Action item:
Transcribe every entry that follows, word for word, and omit the images.

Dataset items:
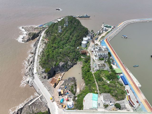 洞头区陆域引调水工程一期鹿西岛定向钻操作航拍。新华网发 温州市公用集团供图
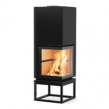 Топка с угловым стеклом придает камину оригинальный вид и увеличивает обзор огня, который хорошо просматривается с двух зон помещения.
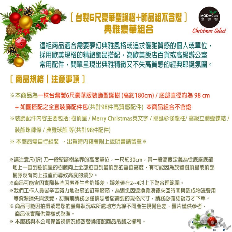 摩達客耶誕-台灣製6尺(180cm)豪華版綠聖誕樹+白五彩蝴蝶結系飾品組(不含燈)本島免運費
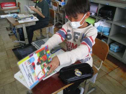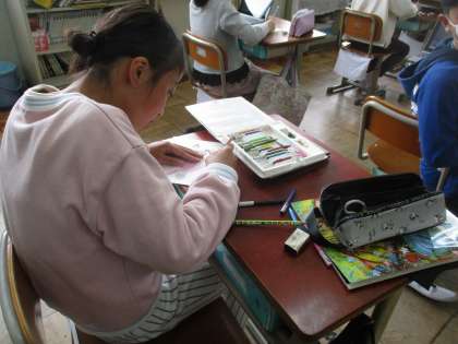図工の作品で使うため、自分の全身の自画像を描きました。ポーズをとって、ギガ端末で撮影してから描くなど、とても楽しそうでした。自分そっくりに描けている人もいました。どんな作品になるのか楽しみです。
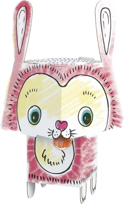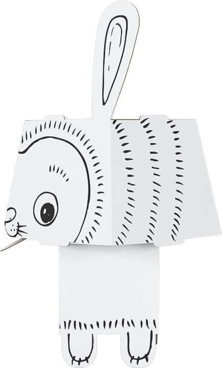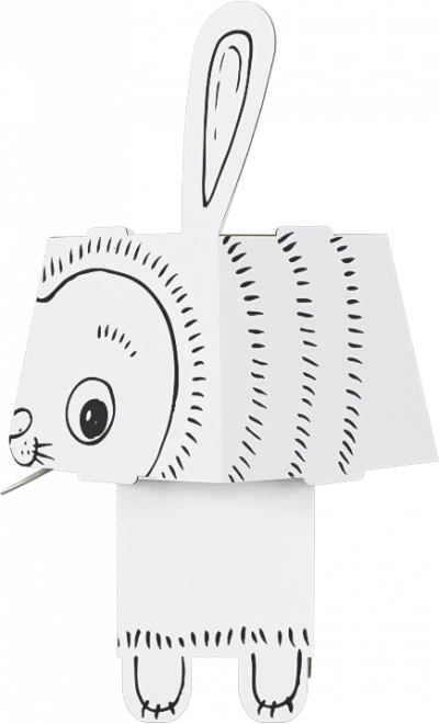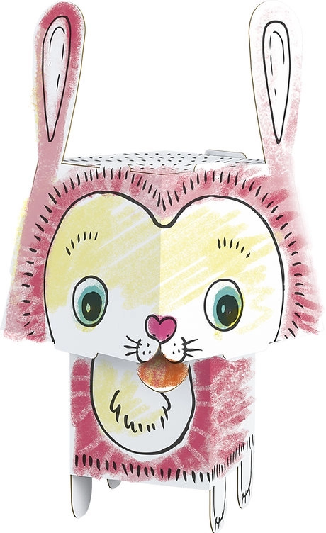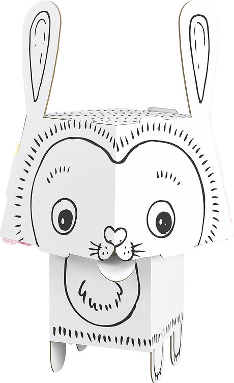 Een leuke papieren 3D puzzel in de vorm van een konijn die kinderen creatieve plezier biedt bij het kleuren én het bouwen. Het model van stevig wit karton heeft nauwkeurig uitgesneden onderdelen die eenvoudig in elkaar passen zonder lijm of schaar. Licht, stabiel en duurzaam na het monteren, geschikt voor kleurpotloden, fineliners, markers en verf.
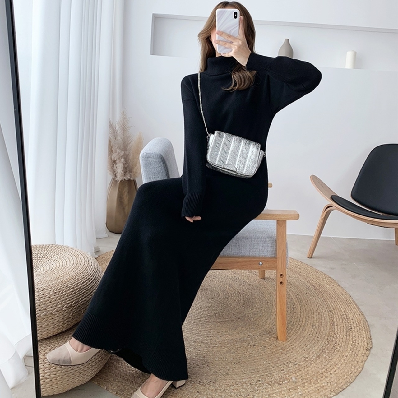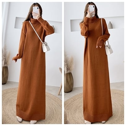超ロングのニットワンピースならIラインを強調してくれます。
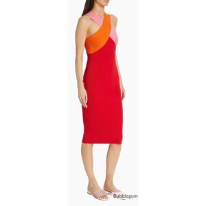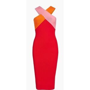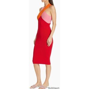 Le Superbe Colorblocked Cross-Over Midi-Dress in Bubblegum, Tangerine & Red NWT
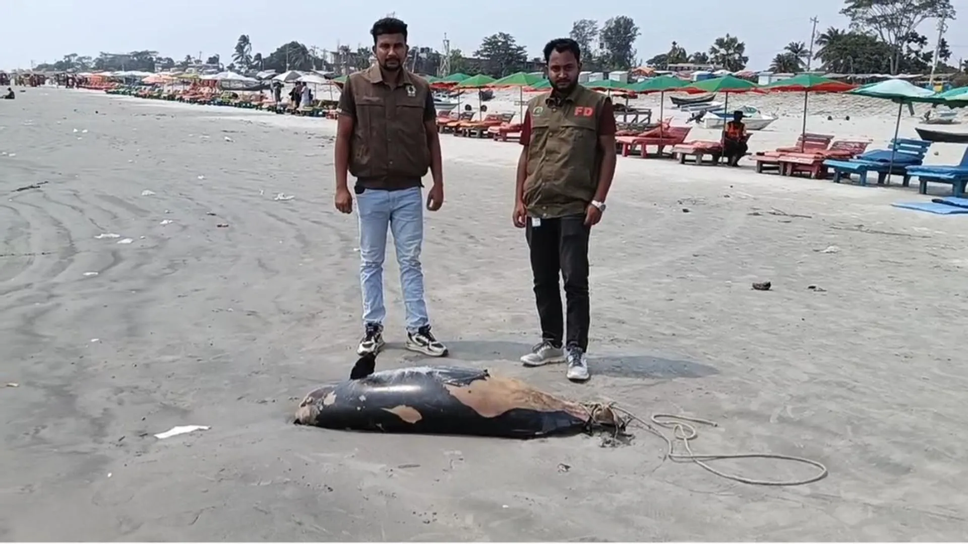 কুয়াকাটা সমুদ্র সৈকতে ফের ভেসে এলো ৮ ফুট লম্বা মৃত ডলফিন
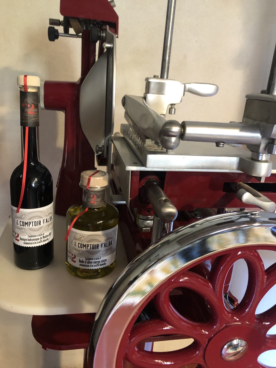 Panier gastronomique garni d’une huile d’olive aromatisée à la truffe blanche et d’un vinaigre balsamique igp modène aromatisé à la truffe blanche

Solved problem:
 洞头区陆域引调水工程一期鹿西岛定向钻操作航拍。新华网发 温州市公用集团供图
 Топка с угловым стеклом придает камину оригинальный вид и увеличивает обзор огня, который хорошо просматривается с двух зон помещения.
 摩達客耶誕-台灣製6尺(180cm)豪華版綠聖誕樹+白五彩蝴蝶結系飾品組(不含燈)本島免運費
図工の作品で使うため、自分の全身の自画像を描きました。ポーズをとって、ギガ端末で撮影してから描くなど、とても楽しそうでした。自分そっくりに描けている人もいました。どんな作品になるのか楽しみです。
 Een leuke papieren 3D puzzel in de vorm van een konijn die kinderen creatieve plezier biedt bij het kleuren én het bouwen. Het model van stevig wit karton heeft nauwkeurig uitgesneden onderdelen die eenvoudig in elkaar passen zonder lijm of schaar. Licht, stabiel en duurzaam na het monteren, geschikt voor kleurpotloden, fineliners, markers en verf.
超ロングのニットワンピースならIラインを強調してくれます。
 Le Superbe Colorblocked Cross-Over Midi-Dress in Bubblegum, Tangerine & Red NWT
 কুয়াকাটা সমুদ্র সৈকতে ফের ভেসে এলো ৮ ফুট লম্বা মৃত ডলফিন
 Panier gastronomique garni d’une huile d’olive aromatisée à la truffe blanche et d’un vinaigre balsamique igp modène aromatisé à la truffe blanche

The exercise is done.